IndexError: List Index Out of Range — What It Means and How to Fix It

IndexError: List Index Out of Range — What It Means and How to Fix It

The indexerror: list index out of range error is one of the most common errors Python developers encounter, whether they are writing their first loop or debugging a complex data pipeline. It has a clear meaning, and once you understand why Python raises it, you can fix it fast and prevent it from coming back. The error appears when your code tries to access a position in a list using an index number that does not exist in that list. Python lists are zero-indexed, meaning the first element is at index 0, not index 1. If your list has five elements but you ask for the element at position 5, Python raises this error because position 5 does not exist. This guide covers every form of the error, the code patterns that cause it, and the fixes for each one.

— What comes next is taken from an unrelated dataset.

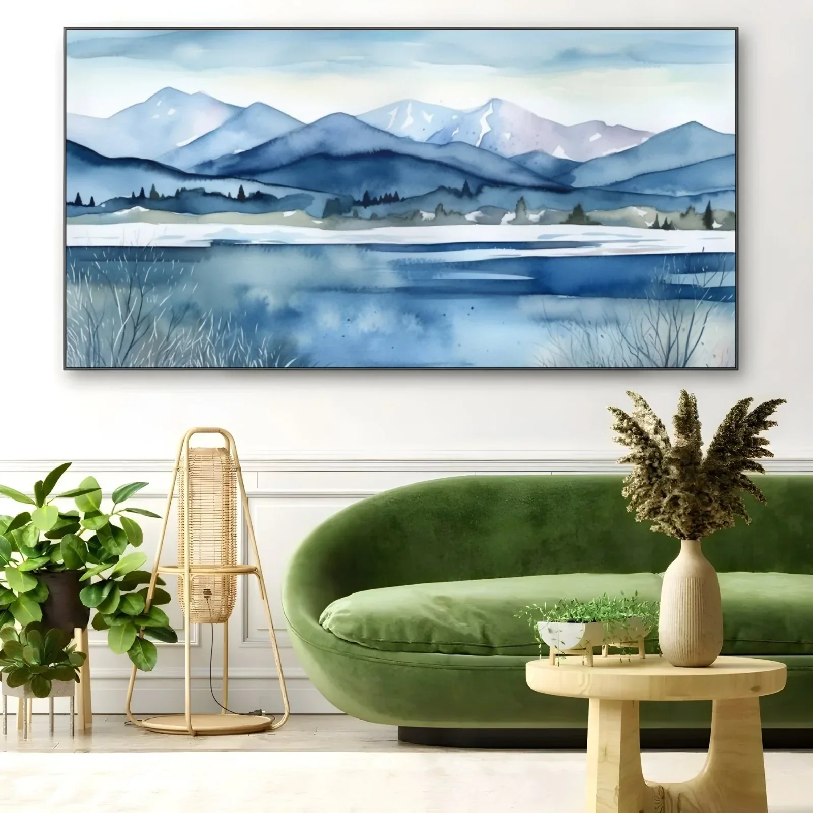 Questa stampa su tela, intitolata "Armonia Alpina", cattura la serenità e la maestosità di un paesaggio montano. Le montagne si ergono imponenti sullo sfondo, con cime innevate che brillano sotto un cielo azzurro pallido. La gamma di colori utilizzata varia dai toni freddi del blu e del grigio, creando un'atmosfera calma e rilassante.

Why Python Raises This Error: The Core Concept

Python lists are ordered sequences. Each element sits at a numbered position called an index. The indexing starts at 0 and ends at the length of the list minus one.

fruits = ["apple", "banana", "cherry"]
# Index:      0          1         2
# len(fruits) = 3
# Valid indices: 0, 1, 2
# Invalid:       3, 4, any number >= 3

When you write fruits[3], Python looks for the element at position 3. That position does not exist. Python raises IndexError: list index out of range to tell you the index you used falls outside the valid range.

The same applies to negative indexing. Negative indices count from the end: fruits[-1] gives you "cherry", fruits[-3] gives you "apple". But fruits[-4] raises the same IndexError because there is no fourth-from-last element in a three-element list.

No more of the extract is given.